HIRSH
VOLOFSKI (September 14, 1878-November 8, 1949)
He was born in a village near
Shidlevtse (Szydłowiec), Poland.
At age two he moved with his parents to Shidlovtse. He received a rigorous religious
education. He was orphaned at age
fifteen on his father’s side and then left for Warsaw where he worked at first
in a wine business, later becoming a wine merchant. He lived for several years in Lodz, and from
there he moved to England. In 1900 he
proceeded on to Montreal, Canada, where he served as vice-president of the
American Federation of Polish Jews, as well as one of the leaders of the
Canadian Jewish Congress and of the local Zionist Organization. He founded in 1907 (and also edited from the
start) the daily newspaper Keneder odler
(Canadian eagle), in which he published articles and feature pieces and ran the
daily column “Ofene diburim” (Open words).
Because of WWI, the importation of religious texts from Vilna and Warsaw
was discontinued, and Volofski in 1920 kept on reprinting an edition of the
Vilna Talmud and distributing them through various Jewish communities. In 1921 he made a trip to Europe and Israel,
and he wrote up his impressions from this trip in his book: Eyrope un erets-yisroel nokh dem velt-krig,
fun kenede biz erets-yisroel iber mizrekh un mayrev-eyrope un tsurik, rayze
bashraybung (Europe and the land of Israel after WWI, from Canada to the
land of Israel across Eastern and Western Europe and back, a travel
description) (Montreal, 1922), 280 pp.
He also wrote the following books: Fun
eybikn kval, gedanken un batrakhtungen fun dem hayntikn lebn un shtrebn in
likht fun unzer alter un eybig nayer toyre, ayngeteylt loyṭ di parshes fun der
vokh (From an eternal source, thoughts and deliberations on contemporary
life and aspirations in light of our old and forever new Torah, divided by [Torah]
portions of the week) (Montreal, 1930), 189 pp.; Mayn lebns-rayze, zikhroynes fun iber a halbn yorhundert yidish lebn in
der alter un nayer heym (My life’s voyage, memoirs from over half a century
of Jewish life in the old and new home) (Montreal, 1946), 265 pp., which also
appeared in English translation [Journey
of My Life: A Book of Memories (Montreal, 1945)]. Volofski was also the founder of the English-language
Jewish weekly newspaper Canadian Jewish
Chronicle in 1912. He used such pen
names as: Yankl Shmid and Ben-Shifre.

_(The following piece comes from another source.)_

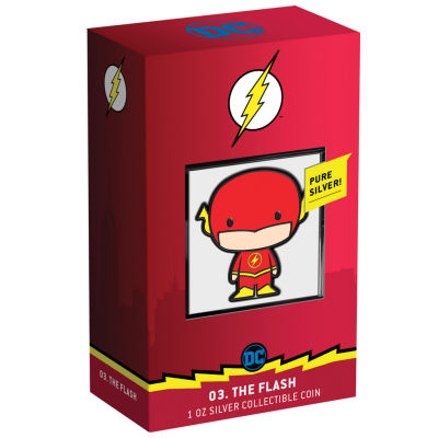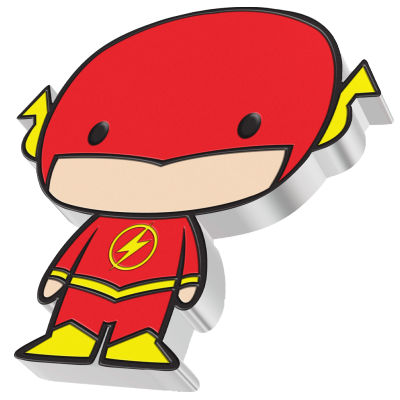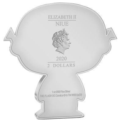 Der Chibi-Flash trägt den klassischen gelb-roten Superheldenanzug. Er enthält 1 oz Feinsilber (Feingehalt: 999/1000) und ist 31,5 mal 36,0 Millimeter groß. Während die Motivseite komplett koloriert ist, ist die Wertseite silbern: Hier findet man das Porträt der Königin Elizabeth II. von Ian Rank-Broadley, den Nennwert von 2 Dollars und das Ausgabeland Niue. Verpackt ist die Silbermünze in ein Etui, in dem sie sich gut geschützt präsentieren lässt. Ein nummeriertes Echtheitszertifikat gehört dazu.

He
died in Montreal.
Sources:
Zalmen Reyzen, Leksikon, vol. 1; Y.
Y. Sigal, in Keneder odler (Montreal)
(December 2, 1946; November 10-14, 1949; December 5, 1949); Y. Khaykin, Yidishe
bleter in amerike (Jewish newspapers in America) (New York,
1946), p. 265; N. Shemen, in Der
amerikaner (New York) (January 3, 1947); Y. Rabinovitsh and M. Ginzburg, in
Keneder odler (November 10, 1949); Y.
Medresh, in Keneder odler (November
10, 1949); B. G. Zak, in Keneder odler
(November 13, 1949); Kh. M. Kayzerman, in Keneder
odler (November 11, 1949); Zak, in Idisher kemfer (New York) (March 23, 1956); Jubilee volumes for Keneder odler (1927, 1937, 1957); information
from his son, Max Volofski in Montreal, Canada.